За несколько минут до двенадцати большая коробка хлеба выталкивается за дверь, и ровно в час дородный, круглолицый немец занимает свое место рядом с ней и кричит: «Готово!» Вся очередь сразу, как хорошо обученная рота регулярных войск, движется быстро, в хорошем маршевом темпе, по диагонали через тротуар к внутреннему краю и толкается, только с шумом топающих ног, мимо коробки. Каждый человек тянется за буханкой и, разрывая очередь, бродит сам по себе. Большинство из них даже не смотрят на свой хлеб, а кладут его безразлично под свои пальто или в свои карманы. Они отправляются бог знает куда — в ночлежки, парковые скамейки (если это лето), зальные спальни, возможно, хотя в большинстве случаев сомнительно, что они владеют одной, или в благотворительные миссии бедных. Это маленькая вещь, чтобы получить, буханка сухого хлеба, но от трехсот до четырехсот мужчин будут собираться каждую ночь из года в год, чтобы получить ее, и поэтому она имеет свое значение.

То, против чего я протестую, — это то, что она продолжается. Было бы так легко, как мне кажется, в мире даже умеренной организации сделать что-то, что положило бы конец зрелищу такого рода раз и навсегда, если бы это был не более чем закон об уничтожении неэффективных. Я говорю это не из жестокости, а более конкретно с намерением пробудить мысль. Есть так много дел. В Америке дороги нации даже не начали строиться. На огромных просторах территории мира земля не возделывается. Нет и десятой части того, что рядовые могли бы на самом деле использовать. Большинство из нас напряженно нуждаются в чем-то.

Правило, которое вызвало бы арест человека в этой ситуации, было бы милосердным. Система принудительного труда, которая включала бы регулирование часов, медицинское лечение, восстановление здоровья, восстановление мужества, вскоре положила бы конец человеку, который «вниз и наружу». Он, конечно, был бы вниз и наружу в той степени, в которой он попал в когти этой машины, но он был бы, по крайней мере, на колесе, которое могло бы вернуть его или уничтожить его полностью. Бесполезно говорить, что жизнь не может ничего сделать для неэффективных. Она может. Она делает. И случайное должно, и в основном делает, уступить место хорошо организованному. И раненому человеку не нужно позволять истечь кровью до смерти. Если человек ранен случайно, больничная машина приезжает быстро. Если он сломлен духом, безденежен, напуган, ничего не делается. Тем не менее, он гораздо больше нуждается в больничной машине, чем другой.

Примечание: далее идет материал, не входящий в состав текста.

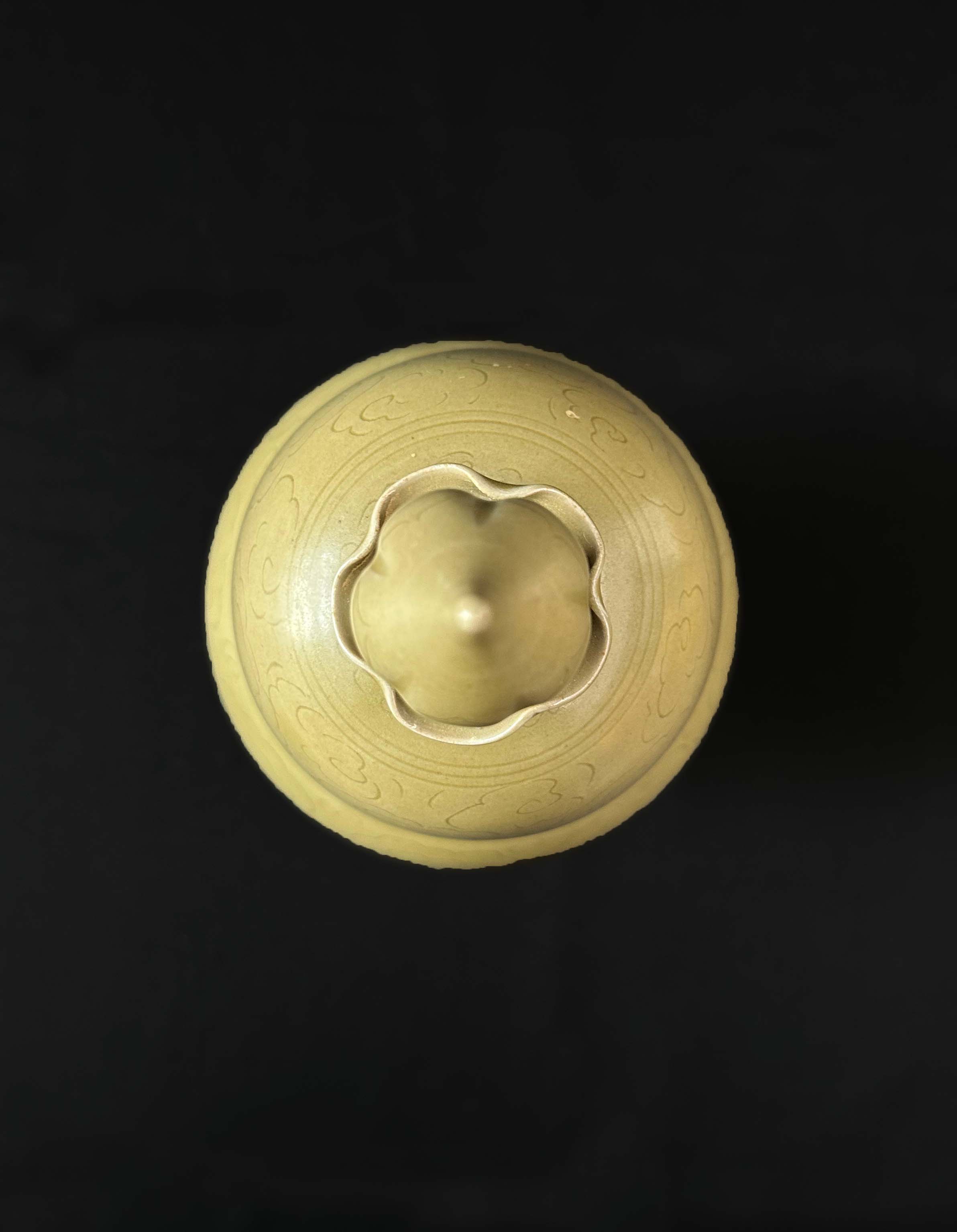 壶身满饰细线刻云纹,线条纤细流畅、婉转灵动,云纹连绵舒展、层次分明,每一道纹路都带着匠人的呼吸感,尽显越窑 “刻花如丝” 的工艺巅峰;盖顶宝珠钮与壶身云纹呼应,造型精巧雅致,与器型浑然一体。

Лечение должно быть другим, вот и все.

НАШ КРАСНЫЙ УБИЙЦ

Если вы хотите увидеть пример закона жизни, выживание одного через неудачу и смерть другого, идите однажды в любую из великих боен, которые сегодня на Ист-Ривер, или в Джерси-Сити, или в другом месте возле великого мегаполиса принимают и убивают ежегодно тысячи и сотни тысяч животных, которые составляют часть мясного снабжения города. И там будьте уверены и увидьте, также, индивидуума, который, как ваш агент и мой, косвенно ответственен за ужасную бойню. Вы найдете его в темной, красной яме, покрытой кровью, стоящей в море крови, в то время как час за часом и день за днем проходит перед ним очередь кричащих животных, повешенных за одну ногу, головой вниз, и катящихся неуклонно вдоль рельса, который наклонен, чтобы получить выгоду от гравитации, в то время как он, нож в руке, тычет неутомимо в их горла, задача перерезания их горл так, чтобы они могли умереть от кровотечения и истощения, став утомительным и обычным трудом, тем, который он едва замечает вообще. Он кроваво-красный убийца, этот индивидуум, мясник по профессии, большой, жилистый, мускулистый, но одетый с головы до ног в брезентовое пальто и кепку, которые от долгого забрызгивания кровью животных, которых он убил, стали этим темным красным. День за днем и месяц за месяцем здесь вы можете видеть его — вашего агента и моего — великий мир, идущий своим путем, задача уничтожения жизни никогда не становящаяся менее трудной, очередь животных никогда не становящаяся менее тонкой.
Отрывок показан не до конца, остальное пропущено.